Home >> Transact SQL >> Faking arrays in t-SQL

Faking arrays in Transact SQL

Introduction

Sometimes SQL programmers come up with a requirement to use multi-valued columns or variables in an SQL query especially when the data is originated from external sources. Since there is no builtin support for an array or list or a similar datatype in t-SQL, quite often folks use delimited VARCHAR strings to lump multiple values together.

We all know that having multiple values in a single column is against the fundamental tenet of relational model since an attribute in a relation can have only one value drawn from an appropriate type. For more information on such elementary details ( including a fundamental exposition of a type, its meaning and the distinction between internal and external predicates ) refer to a good relational database text book.

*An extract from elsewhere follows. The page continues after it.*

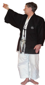
Aka (Ao) shikaku Red (Blue) side is disqualified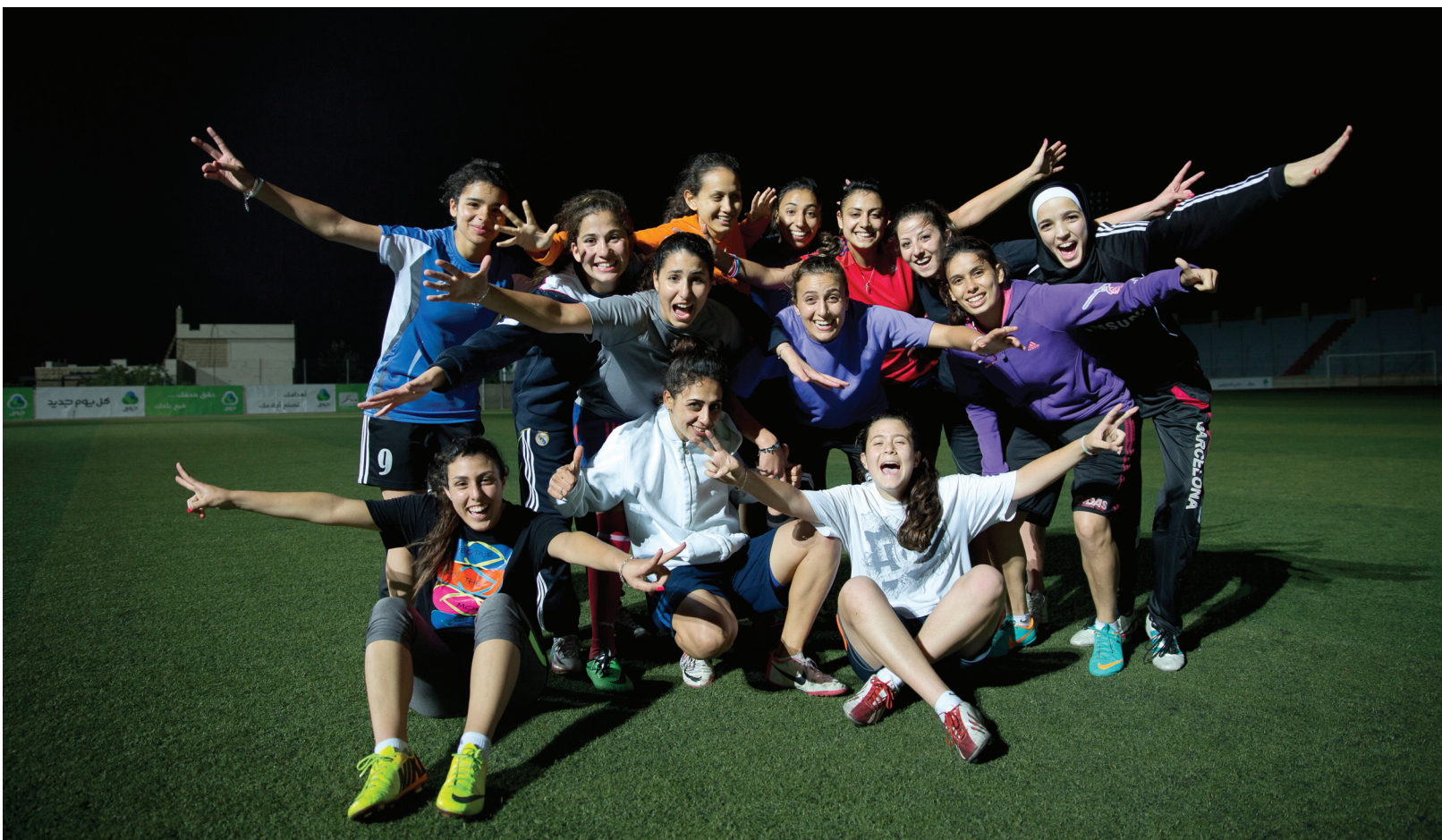
3 times Palestinian Champions, Sareyyet Ramallah plays against Trondheim

SQL tables, by their very nature, do not allow multiple values in its columns. However, users can interpret a single string as a combination of smaller strings often delimited by a character say a comma or a space. Therefore, by leveraging the existing string functions, programmers can extract such smaller parts from the concatenated string.

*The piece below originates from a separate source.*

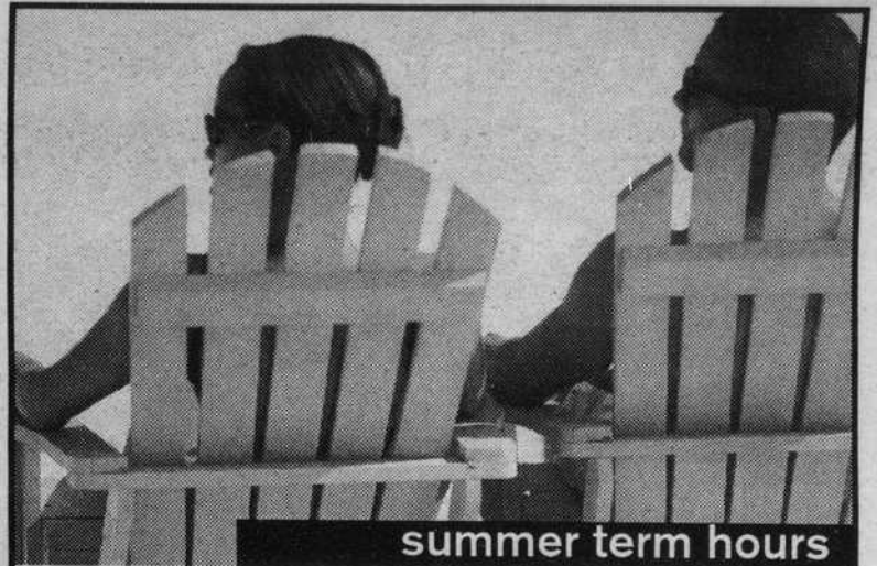
summer term hours

It is very important to note that some of the methods are kludgy while some appear to violate the fundamentals of data independence altogether. Such methods are only suggested here due to its notoriety and are not recommended to be used for production mode systems. If you are using any methods that are undocumented in the product manual, use them with utmost discretion and all relevant caveats apply. Basic recommendations for using proper datatype conversion techniques, avoiding positional significance for columns etc must be considered for stable production code.

Considerations

Coming to the methods of parsing an array and using it for data manipulations, the lion's share of "array" usage in stored procedure comes to insert data as multiple rows into tables. There are other instances where badly designed data represented in a table has to be cleaned up and queried.

The following sections illustrate a variety of methods one can employ to identify and enlist subsections of a string represented in a variable, parameter or even as a column value in a table. The examples use a comma separated list, commonly known as a CSV string where the value is represented as: 'item-1,item-2,item-3....item-n'. In practice, you can use any character including a space to delimit and improvise the methods accordingly.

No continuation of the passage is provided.